# Vostok ''1967 Amphibia'' ...



## Guest (Aug 14, 2009)

I've just discovered this model whilst surfing, Macho, and brutally handsome looking watch with the stainless bracelet option.Anybody got one ?.Maybe just TOO big,heavy and crazy looking outside a scuba dive [unless you are [built like] a nightclub doorman perhaps]. How do you find it ?.Any wear/wrist shots to get an idea ?.


----------



## compas (Oct 13, 2006)

I have one, i put some pics some weeks ago but it seems they are lost with the changue of server.

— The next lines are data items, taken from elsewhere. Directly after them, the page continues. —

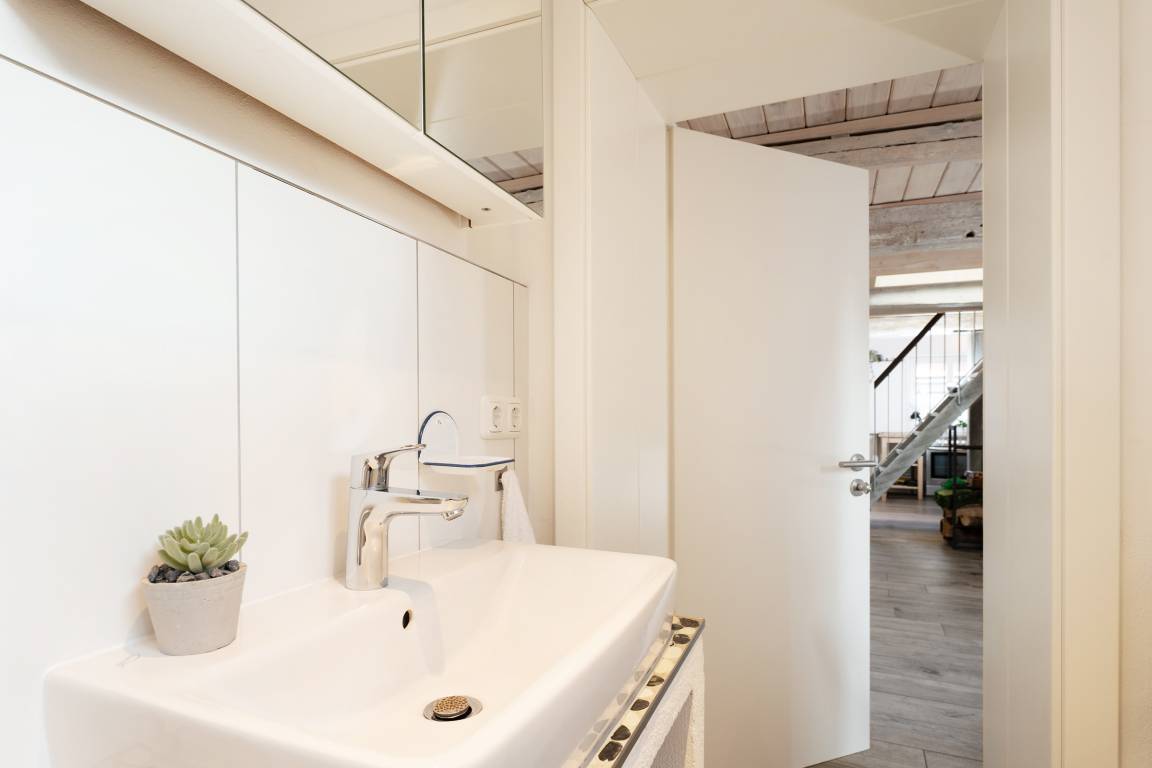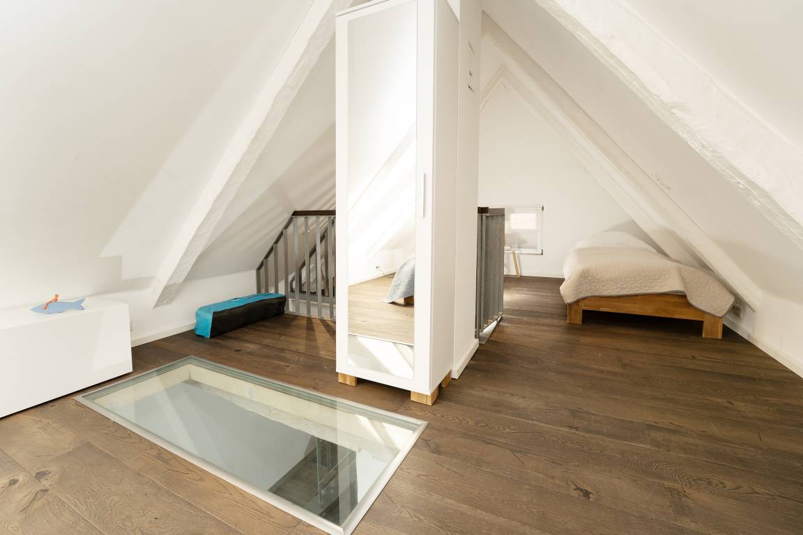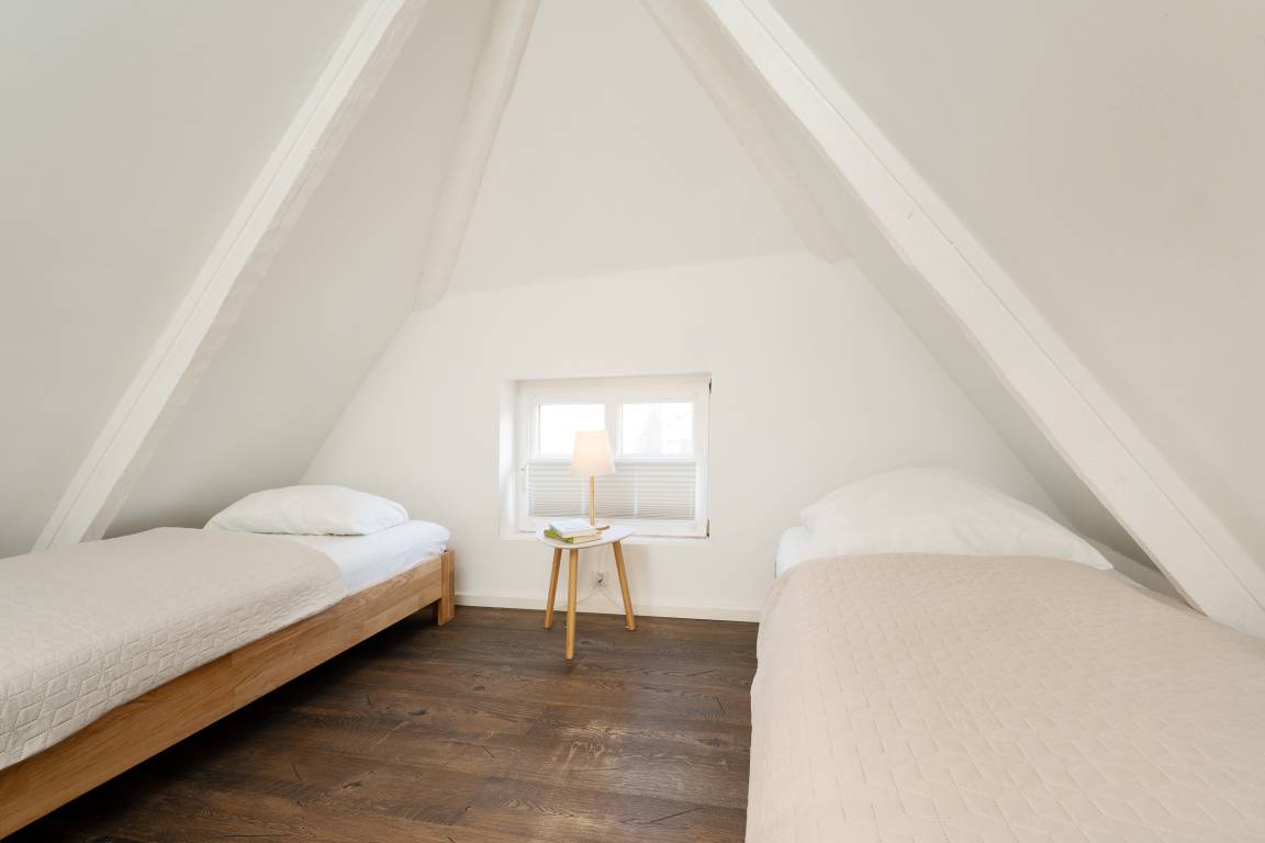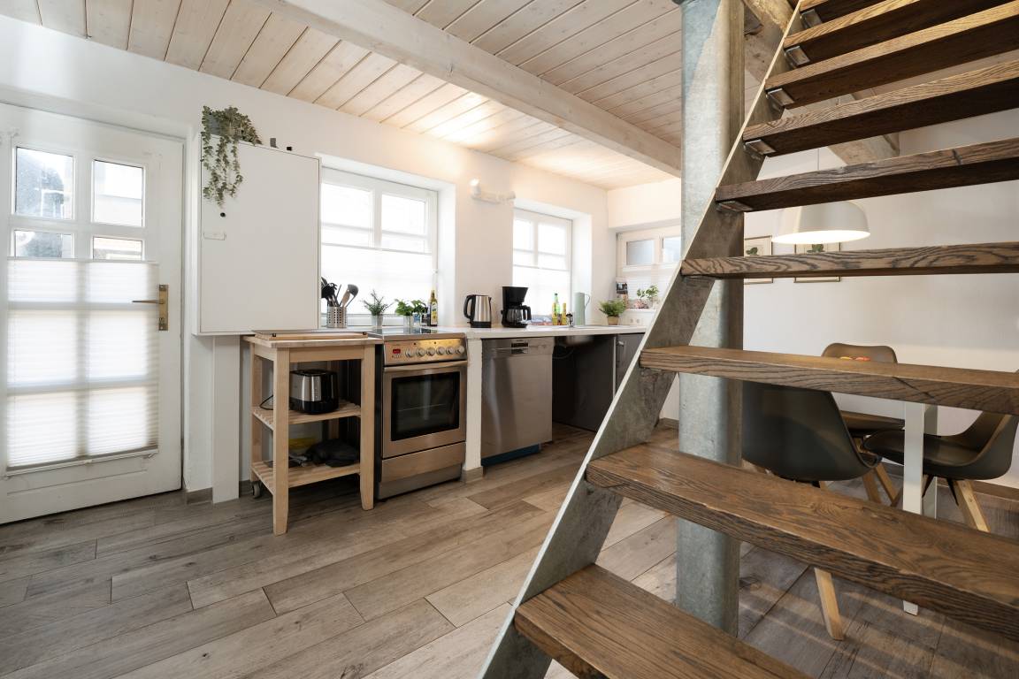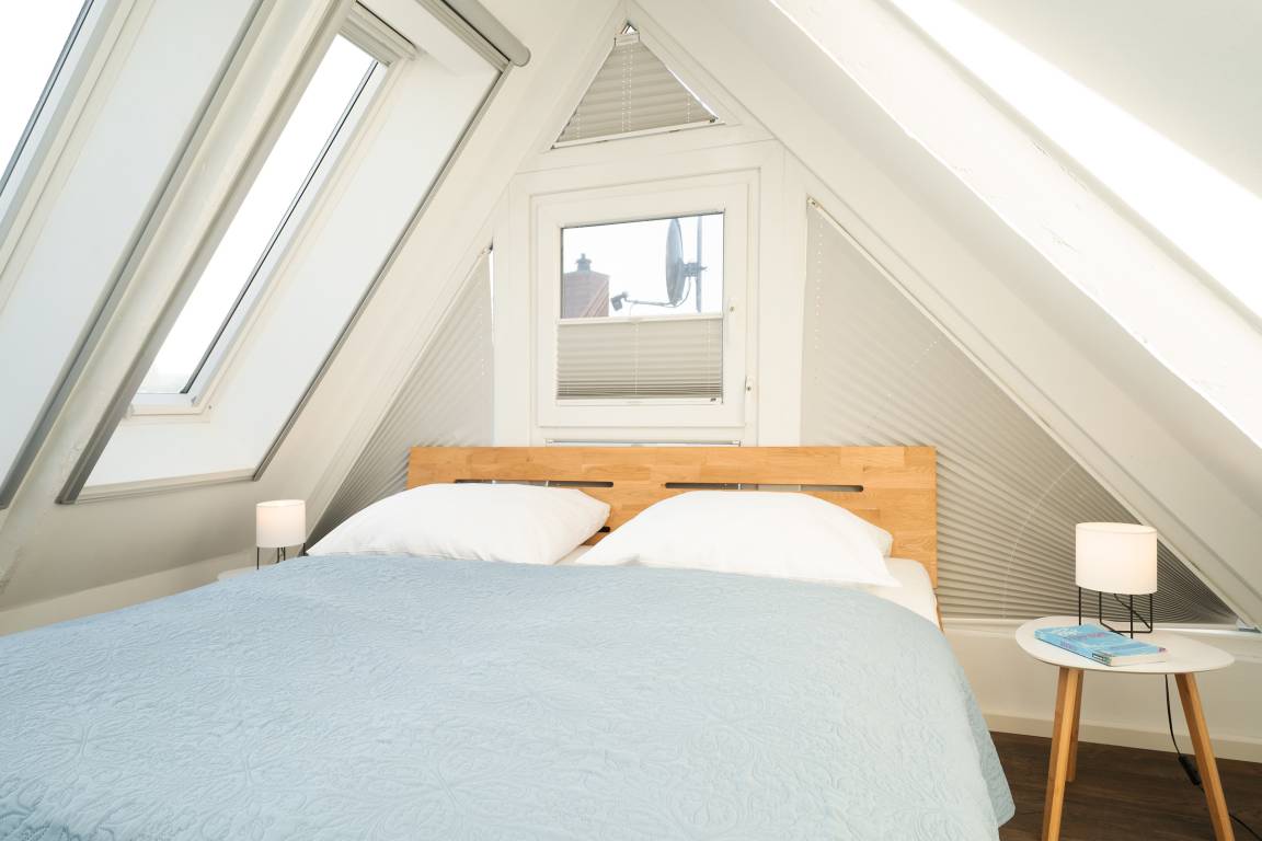Das Schlafzimmer im 1. OG verfügt über ein Doppelbett sowie zwei zusätzliches Einzelbetten und ist über eine offene Treppe mit dem Wohnbereich verbunden. Das moderne Bad im EG ist mit bodengleicher Dusche/WC, Haartrockner und beheizbarem Handtuchhalter ausgestattet. Ein Kinderhochstuhl und ein Kinderreisebett stehen zur Verfügung.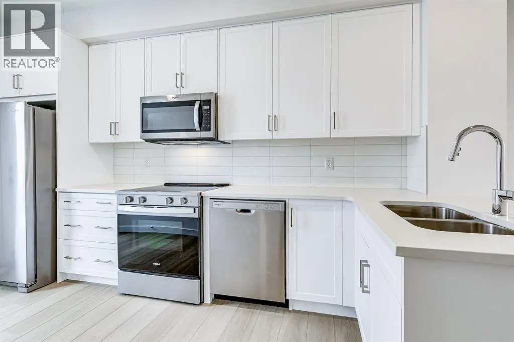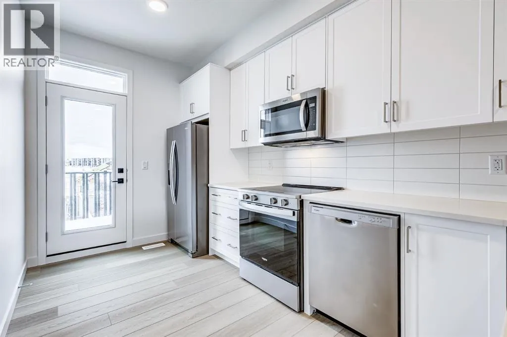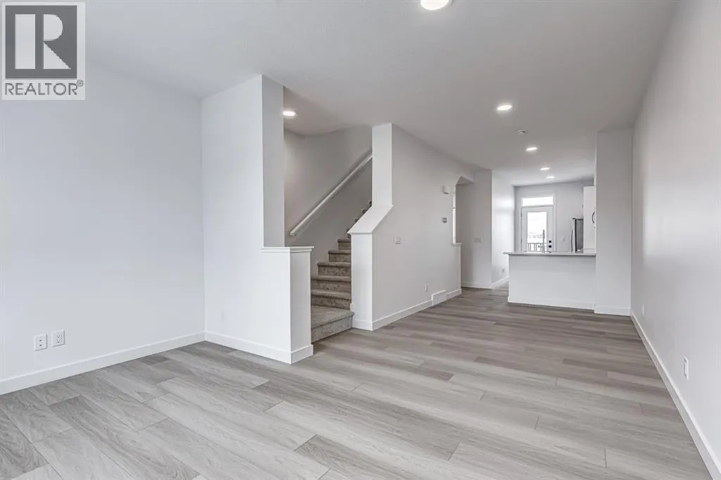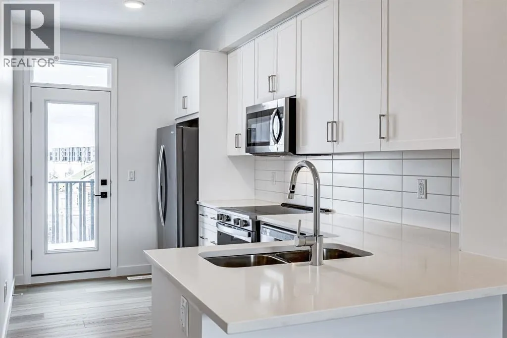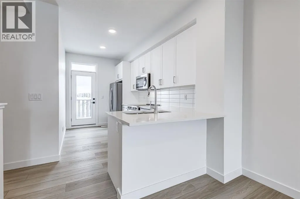 Welcome to Alpine Park, Calgaryâs west-side community known for bold architecture, modern streetscapes, and walkable energy. This brand-new, never-lived-in townhome offers the perfect alternative to building from scratch- all the perks of a new home, including full Alberta New Home Warranty.Designed for effortless everyday living, the layout unfolds across bright, thoughtfully planned levels. The ground floor features a clean, welcoming entry with interior access to your double attached garage, ideal for secure parking, storage, or seasonal gear.Upstairs, the open-concept main floor is all about natural light and flow. A modern kitchen anchors the space with quartz counters, sleek cabinetry, stainless steel appliances, and a peninsula perfect for quick breakfasts, meal prep, or evening wine with friends. The adjoining dining and living areas create a comfortable, cohesive space for hosting or unwinding. A private balcony expands your living area outdoors, perfect for coffee, fresh air, or grilling.The top level keeps both bedrooms separated for privacy, with two full ensuites, a rare and highly desirable feature at this price point. The primary suite offers a 4-piece ensuite, while the second bedroom includes its own 3-piece ensuite, making it ideal for guests, roommates, or resale flexibility. Upper-floor laundry keeps chores convenient and out of sight.Because the home has never been lived in, everything feels fresh, modern, and untouched, flooring, mechanical systems, appliances, and finishes remain in pristine condition. Set in a growing community celebrated for its design vision, walkability, and upcoming Village Centre, this home delivers long-term value and day-one comfort. A true turn-key option in one of Calgaryâs most talked-about new neighbourhoods.Move-in ready, never occupied, full warranty, this is Alpine Park living at its best. (id:27476)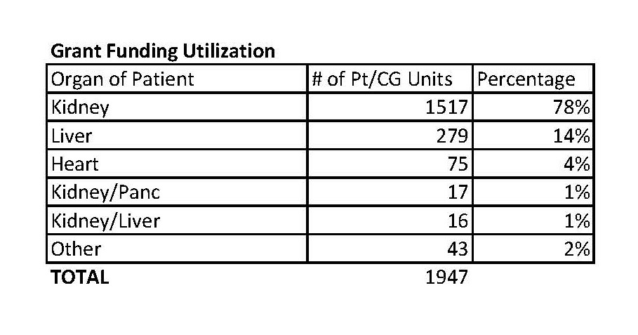 Of the 1,947 Pt/CGs receiving funds, 1,517 were to kidney Pt/CGs(78%), 279 were for liver Pt/CGs(14%), and 75 were for heart Pt/CGs(4%).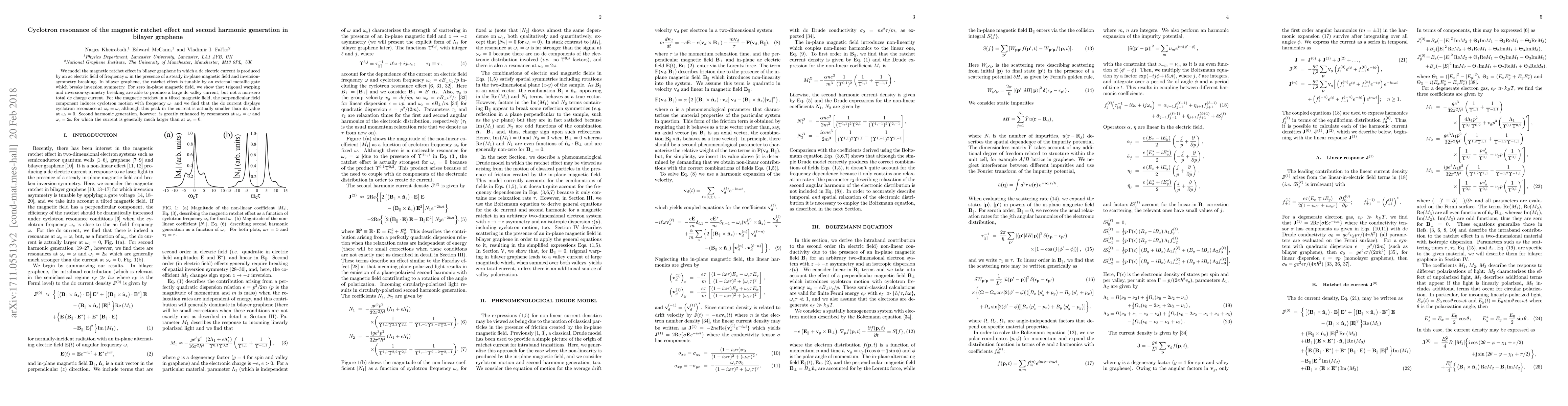 This paper models the magnetic ratchet effect in bilayer graphene, showing cyclotron resonance at the cyclotron frequency in the presence of a magnetic field. It highlights that while the dc current peak at resonance is smaller than at zero magnetic field, second harmonic generation is significantly enhanced at these frequencies.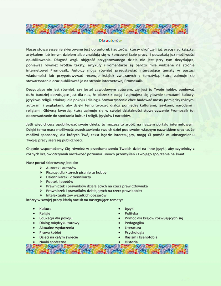 Dla autorów Nasze stowarzyszenie skierowane jest do autorek i autorów, którzy ukończyli już pracę nad książką, artykułem lub innym dziełem albo znajdują się w końcowej fazie pracy, i poszukują już możliwości opublikowania. Długość wzgl. objętość przygotowanego dzieła nie jest przy tym decydująca, ponieważ również krótkie teksty, artykuły i komentarze są bardzo mile widziane na stronie internetowej Promosaik. Autorzy mogą również przedstawiać interesujące tematy w postaci wiadomości lub przygotowywać recenzje książek związanych z tematyką, którą zajmuje się stowarzyszenie oraz publikować je na stronie internetowej Promosaik. Decydujące nie jest również, czy jesteś zawodowym autorem, czy jest to Twoje hobby, ponieważ dużo bardziej decydujące jest dla nas, że piszesz z pasją i zajmujesz się głównie tematami kultury, języków, religii, edukacji dla pokoju i dialogu. Stowarzyszenie chce budować mosty pomiędzy różnymi autorami i poglądami, aby dzięki temu tworzyć dialog pomiędzy kulturami, językami, narodami i religiami. Główną kwestią, którą zajmuje się w swojej działalności stowarzyszenie Promosaik to: doprowadzanie do spotkania kultur i religii, języków i narodów. Jeśli więc chcesz opublikować swoje dzieła, to możesz to zrobić na naszym portalu internetowym. Dzięki temu masz możliwość przedstawienia swoich dzieł pod swoim własnym nazwiskiem oraz to, że możliwi sponsorzy, dla których Twój tekst będzie interesujący, mogą Ci pomóc w udostępnieniu Twojej pracy szerszej publiczności. Chętnie wspomożemy Cię również w przetłumaczeniu Twoich dzieł na inne języki, aby czytelnicy z różnych krajów otrzymali możliwość poznania Twoich przemyśleń i Twojego spojrzenia na świat. Nasz portal skierowany jest do: Autorek i autorów Pisarzy, dla których pisanie to hobby Dziennikarek i dziennikarzy Poetek i poetów Prawniczek i prawników działających na rzecz praw człowieka Prawniczek i prawników działających na rzecz praw kobiet Intelektualistów wszelkich obszarów którzy w swojej pracy kładą nacisk na następujące tematy: • • • • • • • • Kultura Religie Edukacja dla pokoju Dialog międzykulturowy Aktualne wydarzenia Prawa kobiet Dzieci na całym świecie Nauki społeczne • • • • • • • • Języki Polityka Pomoc dla krajów rozwijających się Pedagogika Literatura Psychologia Rasizm i ksenofobia Historia Stowarzyszenie proponuje Tobie jako autorowi następujące bezpłatne usługi: • • • • • • Publikacja wiadomości, recenzji, książek, komentarzy, artykułów, i krótkich tekstów na portalu internetowym stowarzyszenia. Przygotowanie i publikacja recenzji przesłanych nam dzieł, zarówno opublikowanych jak i nieopublikowanych. Publikacja pod własnym nazwiskiem z krótkim profilem autora. Możliwość pozyskania sponsorów dla siebie i własnych dzieł. Tłumaczenie własnych dzieł na inne języki w ramach sponsoringu przez firmy i mecenasów kultury. Poszerzenie i zróżnicowania grona czytelników Twoich dzieł, dzięki ich rozpowszechnieniu w Internecie. Jeśli więc chętnie piszesz i ważne dla Ciebie jest, aby Twoje zdanie na określone tematy zostało usłyszane przez większą i bardziej zróżnicowaną publiczność oraz być może zachęciło do poważnej dyskusji i nie zaginęło pośród wielu głosów w Internecie, to Promosaik jest dokładnie tym miejscem. Nasze stowarzyszenie nie jest zainteresowane tylko tym, aby Twoje dzieła były tylko opublikowane na naszej stronie internetowej i zostały później zapomniane. Ważne dla nas jest, aby z pomocą naszego stowarzyszenia uzyskać również uwagę sponsorów, którzy pomogą Ci w tym, aby Twoje dzieła były dostępne jeszcze szerszej publiczności, bardzo chętnie również w innych krajach, a w idealnym przypadku zostały przedstawione w ramach eventów i imprez organizowanych przez stowarzyszenie. Aby opublikować tekst na naszej stronie internetowej wystarczy skontaktować się z przedstawicielem naszego stowarzyszenia w danym kraju. Ona/On doradzi Ci wtedy i opublikuje Twój tekst na stronie internetowej Promosaik. Przedstawiciele stowarzyszenia są oczywiście do Twojej dyspozycji również w kwestiach pytań dotyczących stowarzyszenia i jego celów oraz bardzo chętnie zapoznają się z Twoimi tekstami! Na zakładce Kontakt naszej strony znajdziesz adresy przedstawicieli krajowych stowarzyszenia Promosaik: link Z niecierpliwością czekamy, aby usłyszeć wzgl. przeczytać co masz nam do przekazania. Twój zespół ProMosaik www.promosaik.com [email protected]

It is a big and heavy watch, but i think it is quite "usable", it looks quite good on the wrist



















I am quite happy with him.


----------



## Guest (Aug 15, 2009)

Thanks !

And''Tah'' for the pictures,I like the last one showing of the Lume.Seems very readable as well this one.


----------



## suggsy (Aug 25, 2008)

Wow, i love that 1967 Vostok, i MUST have one, where can i buy one? (1967 was a good year, i was born lol)


----------



## Guest (Aug 26, 2009)

suggsy said:


> Wow, i love that 1967 Vostok, i MUST have one, where can i buy one? (1967 was a good year, i was born lol)


I know,It's WICKED looking is'nt it.There is smirs.com on the net who list these [You do speak Russian,Right ?].Alternatively,I had thought of trying one of the UK Vostok stockists [Although i have'nt seen these listed]to ask if they could get one in for me.Rugift.com in Florida have these listed,but i'd rather not buy one in such a roundabout way,saving a few quid as well over it would cost from them.

Any ideas anyone ?.


----------



## spankone (Sep 17, 2008)

i'm suprised it actually looks alright considering its a vostok


----------



## Guest (Aug 26, 2009)

spankone said:


> i'm suprised it actually looks alright considering its a vostok


Hey,Spankone !.

I know the run of the mill Vostok military and automatics etc can look a bit tacky maybe.What with the chrome plated cases and slightly wacky dial emblems [For civilian use anyway].But did you ever check out Vostok's Europe series watches ?.Large range if you can the full one,And with some models in the ''Submarine'' and ''Arktika'' ranges,damn nice i'd say.

As far as buying one of the 1967 Amphibias goes.I've just checked out the exchange rate,and you'll pay about as much for one of these from Russia [smirs] as buying from Rugift [states].And come to think of it,you may well find that to the UK, they are shipped from Russia anyway.


----------



## suggsy (Aug 25, 2008)

littlealex said:


> spankone said:
> 
> 
> > i'm suprised it actually looks alright considering its a vostok
> ...


Cool, i'll check them out


----------



## Guest (Aug 27, 2009)

suggsy said:


> littlealex said:
> 
> 
> > spankone said:
> ...


Look over redarmywatches.com suggsy.


----------



## suggsy (Aug 25, 2008)

littlealex said:


> suggsy said:
> 
> 
> > littlealex said:
> ...


Will do, thanks for the tip


----------